Are blacks too thin-skinned about certain descriptions?

I learned something completely unknown to me in Barbara Murphy's recent commentary, "A word on the 'well-spoken'" (Sept. 2). We've now reached the point where people who are not of color can no longer use complimentary language when referring to black Americans. It took me aback to read her relate overhearing a manager where she works describing a job candidate (racial identity unknown) as "smart," "experienced," and "well-spoken." She goes on to say that "Instantly, I knew that this candidate is African-American."

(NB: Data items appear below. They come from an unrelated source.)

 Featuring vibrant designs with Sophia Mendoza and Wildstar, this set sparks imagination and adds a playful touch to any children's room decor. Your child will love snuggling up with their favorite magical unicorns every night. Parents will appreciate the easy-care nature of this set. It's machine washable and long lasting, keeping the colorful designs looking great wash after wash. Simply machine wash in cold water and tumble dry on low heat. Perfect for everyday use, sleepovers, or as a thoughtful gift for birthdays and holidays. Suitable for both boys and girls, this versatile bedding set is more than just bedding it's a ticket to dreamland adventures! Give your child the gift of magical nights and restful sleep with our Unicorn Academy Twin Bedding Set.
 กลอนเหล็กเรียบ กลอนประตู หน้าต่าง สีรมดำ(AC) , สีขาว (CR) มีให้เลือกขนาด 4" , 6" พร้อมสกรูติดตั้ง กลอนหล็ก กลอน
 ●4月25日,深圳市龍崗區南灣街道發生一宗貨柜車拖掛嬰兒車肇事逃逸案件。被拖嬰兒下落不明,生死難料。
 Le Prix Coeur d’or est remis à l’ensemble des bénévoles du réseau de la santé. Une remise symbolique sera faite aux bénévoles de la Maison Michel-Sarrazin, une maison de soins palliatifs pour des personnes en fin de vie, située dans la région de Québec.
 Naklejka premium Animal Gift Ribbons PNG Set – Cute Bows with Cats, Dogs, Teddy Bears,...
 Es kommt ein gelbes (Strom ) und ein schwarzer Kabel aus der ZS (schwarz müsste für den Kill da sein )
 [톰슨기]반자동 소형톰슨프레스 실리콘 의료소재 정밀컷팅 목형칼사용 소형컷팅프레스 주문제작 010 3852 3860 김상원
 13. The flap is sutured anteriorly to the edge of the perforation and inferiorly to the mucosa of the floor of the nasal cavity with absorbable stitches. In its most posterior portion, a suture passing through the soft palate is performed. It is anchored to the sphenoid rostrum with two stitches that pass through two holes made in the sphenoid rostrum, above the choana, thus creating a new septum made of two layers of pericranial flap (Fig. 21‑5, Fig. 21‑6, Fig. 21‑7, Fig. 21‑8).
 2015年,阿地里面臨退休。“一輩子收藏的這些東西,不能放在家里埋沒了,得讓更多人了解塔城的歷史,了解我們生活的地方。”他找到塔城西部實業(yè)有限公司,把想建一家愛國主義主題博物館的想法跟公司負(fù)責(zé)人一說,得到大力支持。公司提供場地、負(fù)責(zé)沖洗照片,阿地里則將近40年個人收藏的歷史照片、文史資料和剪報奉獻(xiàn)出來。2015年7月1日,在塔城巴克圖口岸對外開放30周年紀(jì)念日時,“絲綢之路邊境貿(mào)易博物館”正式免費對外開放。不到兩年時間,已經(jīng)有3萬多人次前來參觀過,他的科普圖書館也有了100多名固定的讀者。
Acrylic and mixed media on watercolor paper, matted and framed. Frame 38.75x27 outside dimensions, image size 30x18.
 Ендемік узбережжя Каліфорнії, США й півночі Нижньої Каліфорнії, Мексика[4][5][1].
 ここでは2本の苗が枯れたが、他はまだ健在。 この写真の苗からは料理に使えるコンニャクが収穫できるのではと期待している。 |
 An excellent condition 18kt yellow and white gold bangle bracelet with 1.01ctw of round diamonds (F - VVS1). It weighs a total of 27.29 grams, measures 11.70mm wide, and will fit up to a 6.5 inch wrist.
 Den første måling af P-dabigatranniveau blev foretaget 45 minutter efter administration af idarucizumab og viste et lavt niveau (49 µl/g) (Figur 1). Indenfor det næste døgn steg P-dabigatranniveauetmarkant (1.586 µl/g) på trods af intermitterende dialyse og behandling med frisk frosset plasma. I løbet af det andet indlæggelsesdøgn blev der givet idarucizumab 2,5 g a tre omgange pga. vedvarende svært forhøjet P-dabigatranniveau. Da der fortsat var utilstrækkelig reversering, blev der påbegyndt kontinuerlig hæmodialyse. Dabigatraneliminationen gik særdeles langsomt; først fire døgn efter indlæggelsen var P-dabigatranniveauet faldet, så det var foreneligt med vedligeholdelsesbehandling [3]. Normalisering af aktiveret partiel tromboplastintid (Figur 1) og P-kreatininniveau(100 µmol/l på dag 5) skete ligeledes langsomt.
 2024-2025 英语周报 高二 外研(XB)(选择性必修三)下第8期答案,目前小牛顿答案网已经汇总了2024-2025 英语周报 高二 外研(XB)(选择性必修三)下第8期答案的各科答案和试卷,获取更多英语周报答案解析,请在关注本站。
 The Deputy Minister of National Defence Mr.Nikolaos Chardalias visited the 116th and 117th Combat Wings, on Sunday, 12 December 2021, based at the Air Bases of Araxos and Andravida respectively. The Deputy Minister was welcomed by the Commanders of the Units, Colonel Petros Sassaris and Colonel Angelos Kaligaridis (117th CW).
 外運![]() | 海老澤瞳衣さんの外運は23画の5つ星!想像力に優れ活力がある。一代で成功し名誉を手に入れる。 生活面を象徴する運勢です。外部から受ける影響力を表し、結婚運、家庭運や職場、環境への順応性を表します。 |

She writes that "in all my many years of living in Baltimore and working for global corporations, I have never heard the term 'well-spoken' used to describe a person of any other ethnicity. 'Well-spoken' is code for black in America." All I can say is Ms. Murphy must have lived a very cloistered life. I have worked throughout the United States my entire life in organizations of all ethnicities, and have used terms such as "articulate" and "well-spoken" frequently and have heard many others do so.

Those compliments were used regardless of the ethnicity of the object of our discussions. They were well-intended and meant to convey a positive perception and observation, regardless of color. They are universal. While she may be correct in the context of a Baltimore-centered environment, she is assuredly wrong in a national or global context. Out of curiosity, I did a Google search about the terms "well-spoken" and "articulate" vis-a-vis black Americans. Surprisingly, I found that there is a strong perception among the black community that these terms are denigrating to blacks. And the rationale seems to be that since inherently racist whites can't imagine a black person being "well-spoken," then the term is applied in a sarcastic manner and is therefore disrespectful.

How thin skinned can we get? It seems that blacks have a self-perception that they are less "well-spoken" than the general population so, when the term is applied to them, then it must de facto be a sarcastic term of disrespect. So now I guess I must add to my list of "things not to say to people of color" is that any type of compliment, no matter how true and well-intentioned, may be taken as rude and racist. Which leaves me in the predicament that I can't (and shouldn't) criticize their personal attributes, but also can longer praise them. It's a lose-lose proposition. That's not a path to overcoming divisiveness and bringing our cultures together.